Simple Python crawler that crawls taobao pictures
- 2020-04-02 14:26:05
- OfStack
Wrote a crawler to grasp taobao pictures, all written by if, for, while, relatively simple, introductory works.
From a web page (link: http://mm.taobao.com/json/request_top_list.htm? Extract photos of taobao model from type=0&page) =.
# -*- coding: cp936 -*-
import urllib2
import urllib
mmurl="http://mm.taobao.com/json/request_top_list.htm?type=0&page="

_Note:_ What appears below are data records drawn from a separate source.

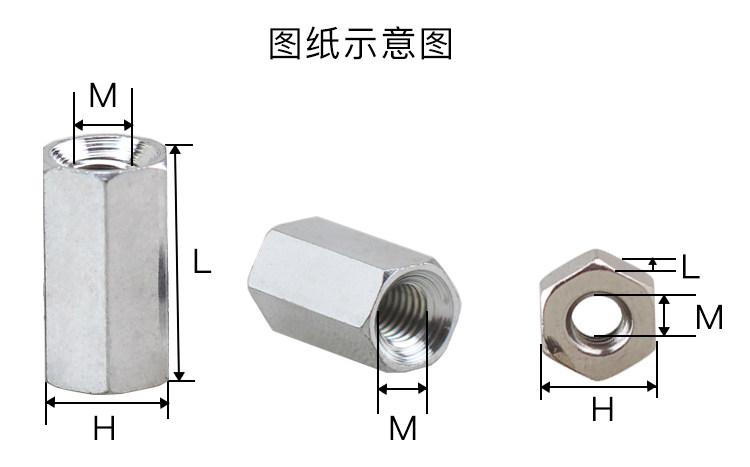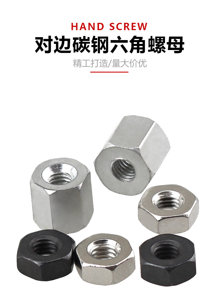 Шестиугольные гайки увеличивают боковую удлиненную утолщенную шестиугольную утолщающую машину Зубной винт Мать М4 Черный/Белый
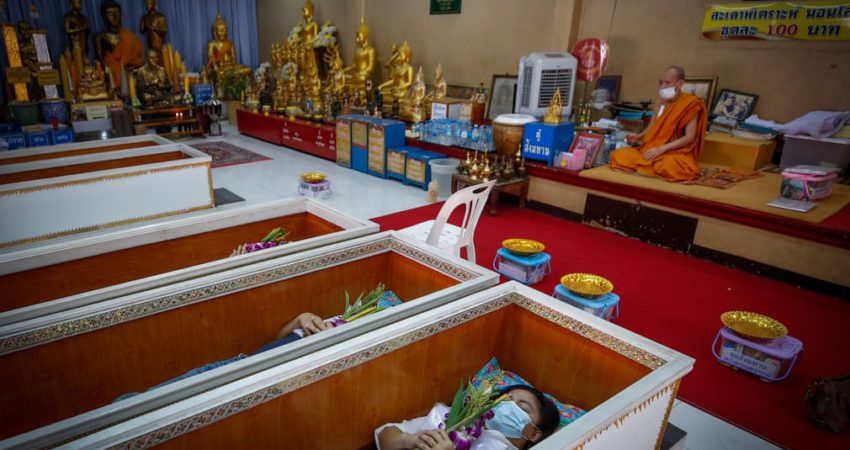 Një tempull budist në periferi të Bangkokut mban çdo ditë funerale live, ku adhuruesit Tailandezë shtrihen brenda arkivoleve duke shpresuar të shpëtojnë veten nga fati i keq dhe të tërheqin fat të mirë. Njerëzit zgjedhin të marrin pjesë në ritual duke ndjekur rekomandimin e një fallxhori.\The Guardian\
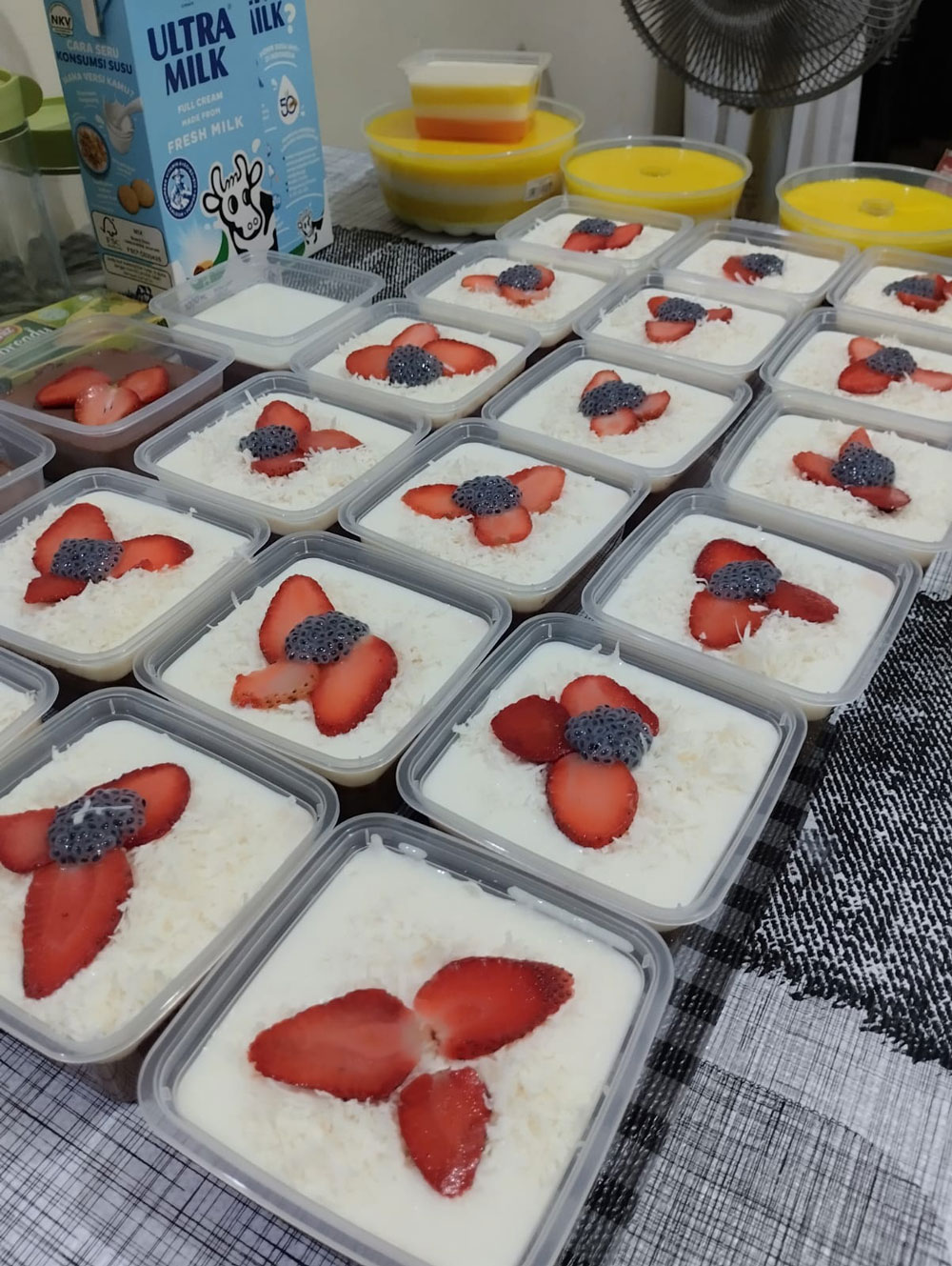 ”Modal pertama kali sekitar 200 ribu, untuk beli susu, coklat, agar-agar, dan lain-lain. Kalau omzet Alhamdulillah bisa lah buat jajan, walaupun suami masih kasih uang jajan ya,” ucapnya.
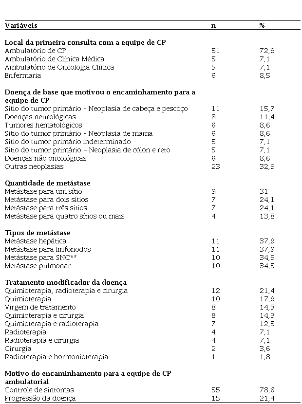Além dos dados sociodemográficos e clínicos coletados, os participantes foram questionados sobre o significado de CP e quanto às informações sobre o encaminhamento para a primeira consulta com a equipe ambulatorial de CP. Destaca-se que 56 (78,6%) participantes não sabiam o que são CP e 37 (52,9%) responderam não terem recebido informações a respeito do encaminhamento para a equipe de CP pelos médicos da clínica de origem.
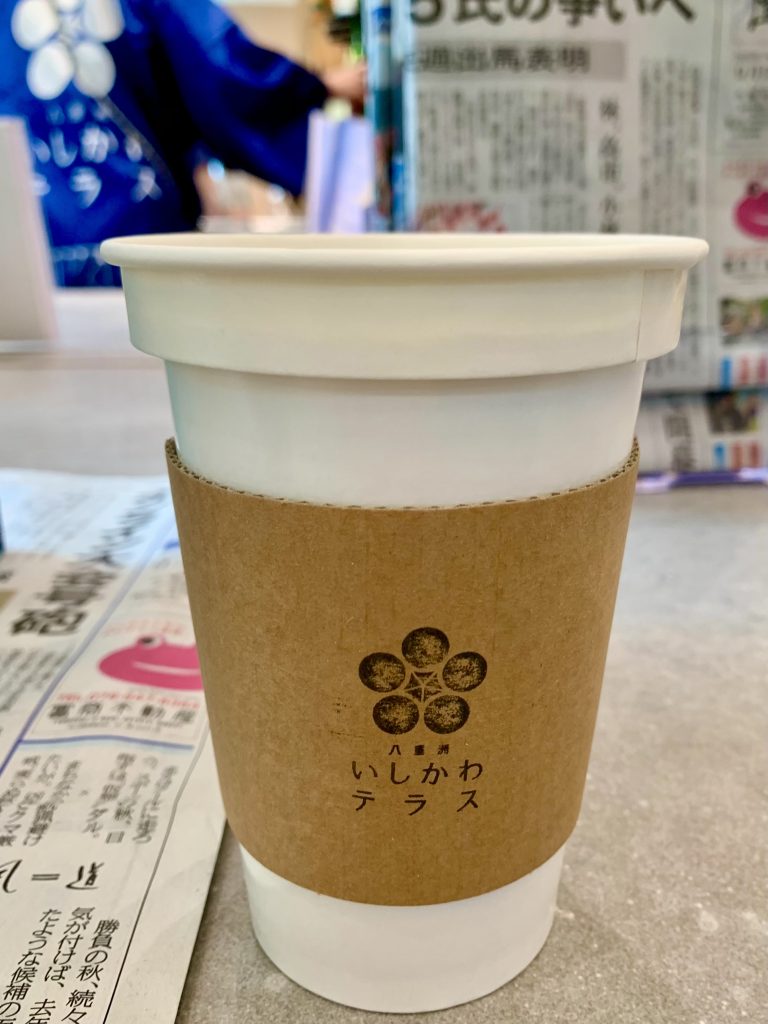 物産を幾つか土産にし、和倉温泉や能登半島のことを祈りました。ショップでは、棒ほうじ茶をいただきました。
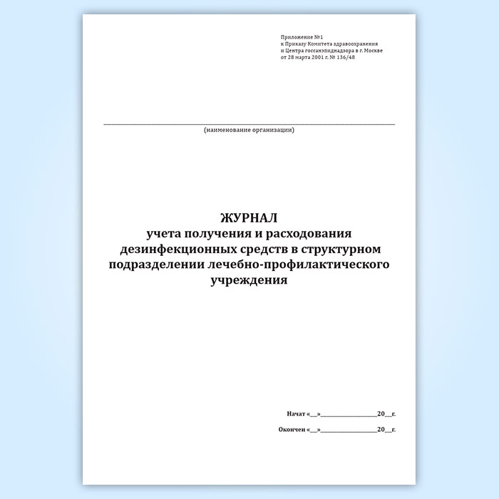 Журнал учета получения и расходования дезинфекционных средств в структурном подразделении лечебно-профилактического учреждения в Химках купить
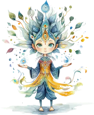 Whimsical Elemental Spirit Child DTF Transfer | Nature Magic Design
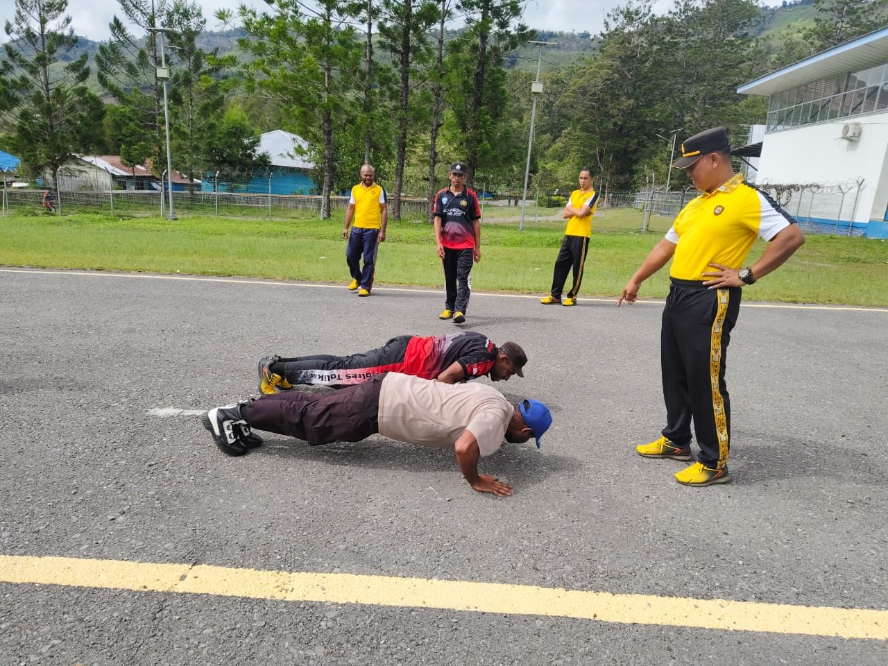 Menjaga Kebugaran Tubuh, Personel Polsek Bokondini Gelar Olahraga Bersama di Landasan Bandara

i=0# The second page has a personal page without a picture , There will be a IO error
while i<15:
url=mmurl+str(i)
#print url # Print out the list url
up=urllib2.urlopen(url)# Open the page and store it in the handle
cont=up.read()
#print len(cont)# Page length
ahref='<a href="http'# Filter the keywords of the page links within the page
target="target"
pa=cont.find(ahref)# Locate the header of the link
pt=cont.find(target,pa)# Find the end of the page link
for a in range(0,20):# If the ability not to 20 Hard coded in? How do I find the end of a file?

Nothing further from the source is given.